In the power transmission device 20 of the embodiment thus configured, a rightward force in FIG. 5 (hereinafter referred to as the “external thrust force”) is applied from the ring gear 37 of the automatic transmission 25 to the counter drive gear 41 along its entire circumference via the coupling member 60 during forward traveling. At this time, the resultant force of an upward (radially inward) force in FIG. 5 (hereinafter referred to as the “meshing radial force”) and a leftward force in FIG. 5 (hereinafter referred to as the “meshing thrust force”) is applied from the counter driven gear 43 to a meshing part of the counter drive gear 41 with the counter driven gear 43 (the lower part in FIG. 5), and a rightward force in FIG. 5 (hereinafter referred to as the “meshing reaction force”) as a reaction force to the meshing thrust force is applied to a part of the counter drive gear 41 which is located on the opposite side from the meshing part with respect to the gear center (the upper part in FIG. 5, hereinafter referred to as the “opposite-side part”). The external thrust force is produced as each gear of the first planetary gear mechanism 30 and the second planetary gear mechanism 35 of the automatic transmission 25 is configured as a helical gear and the ring gear 37 and the counter drive gear 41 are coupled along their entire circumference. The resultant force of the meshing radial force and the meshing thrust force and the meshing reaction force are produced as the counter drive gear 41 and the counter driven gear 43 are configured as helical gears and partially mesh with each other. Accordingly, the plurality of tapered rollers 68 of the first row need be designed in view of the resultant force of the meshing radial force, the meshing thrust force, and the external thrust force in the lower part in FIG. 5, and the plurality of tapered rollers 69 of the second row need be designed in view of the resultant force of the meshing reaction force and the external thrust force in the upper part in FIG. 5.

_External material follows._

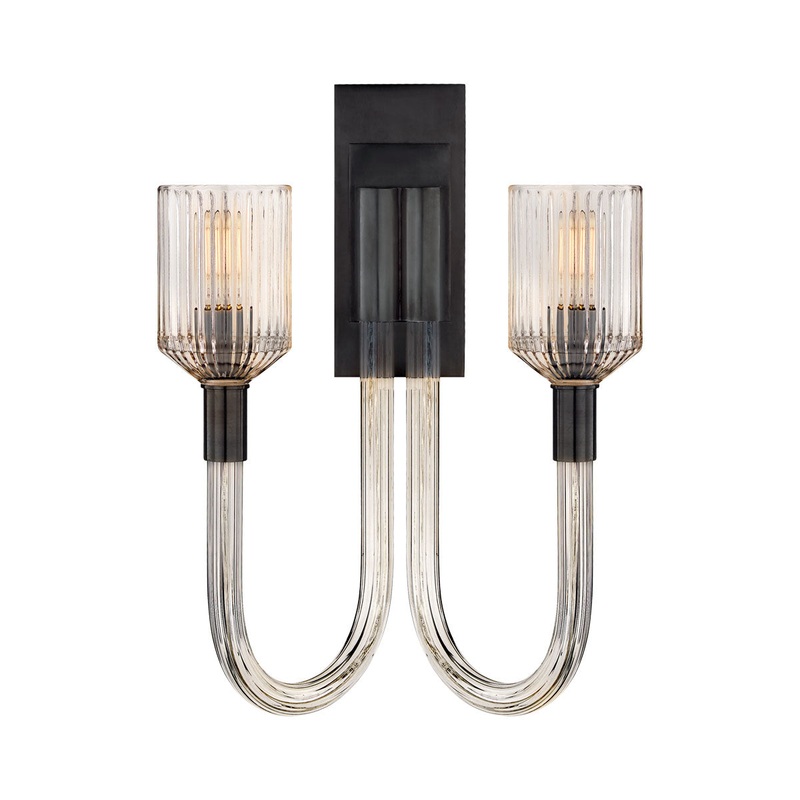 TheReverie Double Sconce has clear ribbed glass that gives this light a traditional, vintage charm. This light comes in different metal finishes that each add a glamorous touch to brighten any room.

FIG. 6 shows schematic configuration diagrams schematically showing the configuration of the counter drive gears 41, 41B and the bearings 61, 61B in the power transmission device 20 of the present embodiment and a power transmission device 20B of a comparative example. The elements of the bearing 61B of the comparative example correspond to the elements of the bearing 61 of the embodiment except the letter “B.” FIG. 6A schematically shows the configuration of the embodiment, and FIG. 6B schematically shows the configuration of the comparative example in which both the contact angle θ in the first row and the contact angle θ in the second row are the angle θ1. In the comparative example, since the contact angle θ in the second row is the relatively small angle θ1, a plurality of tapered rollers 69B of the second row need to have a certain size in order to ensure rigidity against the resultant force of the meshing reaction force and the external thrust force, and the same tapered rollers as a plurality of tapered rollers 68B of the first row are typically used as the plurality of tapered rollers 69B. On the other hand, in the present embodiment, the contact angle θ in the second row (angle θ2) is made larger than the contact angle θ in the first row (angle θ1), which allows the opposite-side part of the counter drive gear 41 to have increased rigidity against the resultant force of the meshing reaction force and the external thrust force. This can further suppress tilting of the counter drive gear 41 with respect to a perpendicular plane perpendicular to the axial direction, and can achieve reduction in gear noise etc. The tapered rollers 69 can be made smaller than the tapered rollers 68 in such a range that the rigidity against the resultant force of the meshing reaction force and the external thrust force can be ensured. The axial size of the bearing 61 can thus be reduced by reducing the size of the tapered rollers 69. It is preferable that the contact angle θ in the first row be the relatively small angle θ1 in order to ensure a torque transfer function during forward traveling. That is, it is not preferable to use a large contact angle θ in the first row, because increasing the contact angle θ in the first row reduces rigidity against a radially inward force (radial load) and thus the size of the tapered rollers 68 need be increased in order to ensure the torque transfer function.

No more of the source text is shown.